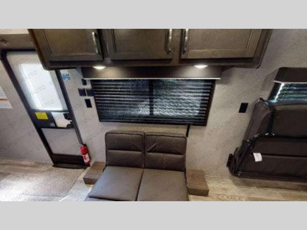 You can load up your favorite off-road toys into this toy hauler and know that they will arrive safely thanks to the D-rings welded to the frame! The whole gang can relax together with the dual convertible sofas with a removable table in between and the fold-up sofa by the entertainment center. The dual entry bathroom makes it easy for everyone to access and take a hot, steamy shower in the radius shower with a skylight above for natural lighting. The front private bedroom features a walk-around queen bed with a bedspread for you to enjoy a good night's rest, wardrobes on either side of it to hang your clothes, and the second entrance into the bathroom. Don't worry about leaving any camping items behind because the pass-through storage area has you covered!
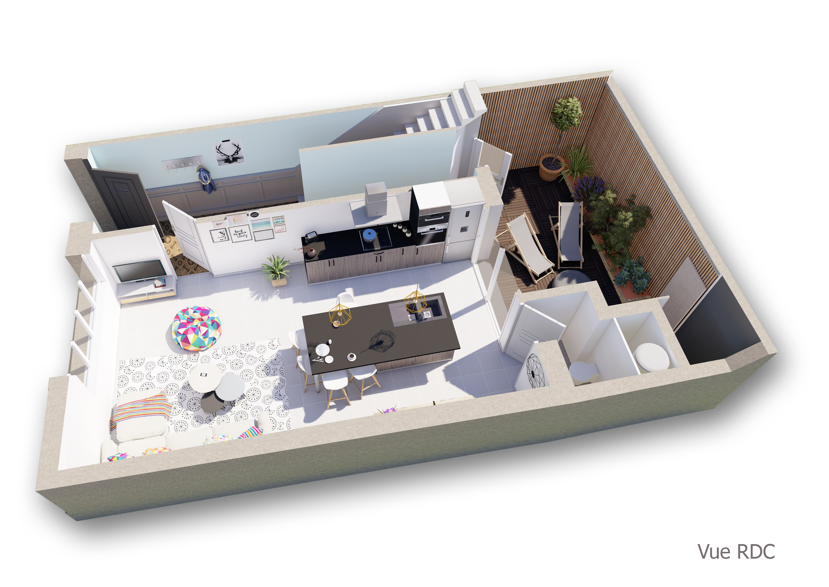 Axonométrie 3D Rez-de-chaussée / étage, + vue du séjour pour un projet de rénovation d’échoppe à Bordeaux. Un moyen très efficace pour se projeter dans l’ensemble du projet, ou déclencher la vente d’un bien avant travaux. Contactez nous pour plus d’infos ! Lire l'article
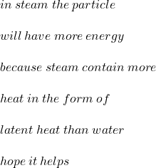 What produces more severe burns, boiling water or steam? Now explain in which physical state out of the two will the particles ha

▶ _WHAT THE TASK ASKS_
The lines to write out run from the one containing "Axonométrie 3D Rez-de-chaussée" through the final line of the material above, both included; write them out exactly, with no pictures.

▶ _WRITTEN SOLUTION_
 Axonométrie 3D Rez-de-chaussée / étage, + vue du séjour pour un projet de rénovation d’échoppe à Bordeaux. Un moyen très efficace pour se projeter dans l’ensemble du projet, ou déclencher la vente d’un bien avant travaux. Contactez nous pour plus d’infos ! Lire l'article
 What produces more severe burns, boiling water or steam? Now explain in which physical state out of the two will the particles ha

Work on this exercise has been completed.